On Windows in a cmd.exe session:
"\program files\anki\anki-console.exe" --syncserver
Or MacOS, in Terminal.app:
/Applications/Anki.app/Contents/MacOS/AnkiMac --syncserver
Or Linux:
anki --syncserver
Without Qt dependencies
You can run the server without installing the GUI portion of Anki. Once Anki 2.1.39 is released, the following will work:
pip install anki[syncserver]
python -m anki.syncserver
Server setup
The server needs to store a copy of your collection in a folder.
By default it is ~/.syncserver; you can change this by defining
a FOLDER
environmental variable. This should not be the same location
as your normal Anki data folder.
You can also define HOST
and PORT
.
Client setup
When the server starts, it will print the address it is listening on. You need to set an environmental variable before starting your Anki clients to tell them where to connect to. Eg:
set SYNC_ENDPOINT="http://10.0.0.5:8080/sync/"
anki
Currently any username and password will be accepted. If you wish to keep using AnkiWeb for media, sync once with AnkiWeb first, then switch to your local endpoint - collection syncs will be local, and media syncs will continue to go to AnkiWeb.
Contributing
Authentication shouldn't be too hard to add - login() and request() in http_client.rs can be used as a reference. A PR that accepts a password in an env var, and generates a stable hkey based on it would be welcome.
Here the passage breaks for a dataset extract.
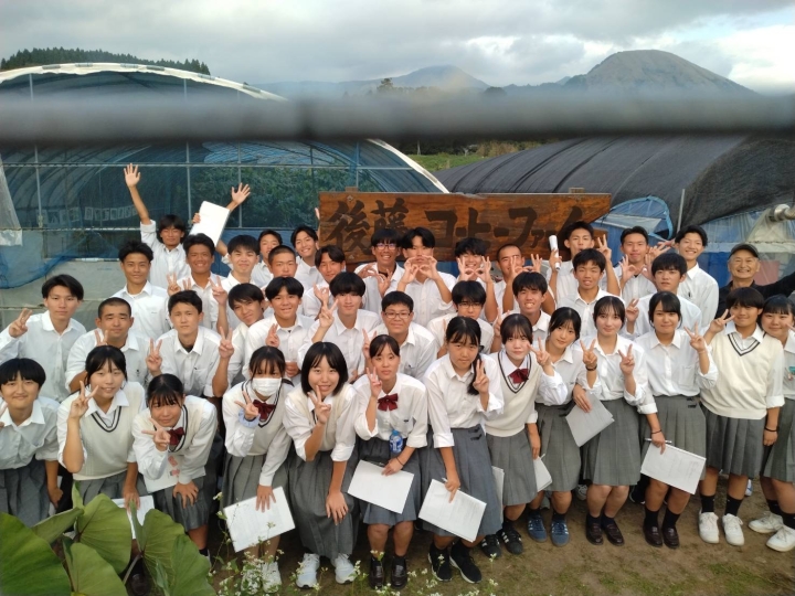 今月12日に、島根県の益田翔陽高校の生徒・職員28名が当ファームを訪れ、研修を行いました。

Once that is done, basic multi-profile support could be implemented by moving the col object into an array or dict, and fetching the relevant collection based on the user's authentication.
Because this server is bundled with Anki, simplicity is a design goal - it is targeted at individual/family use, only makes use of Python libraries the GUI is already using, and does not require a configuration file. PRs that deviate from this are less likely to be merged, so please consider reaching out first if you are thinking of starting work on a larger change.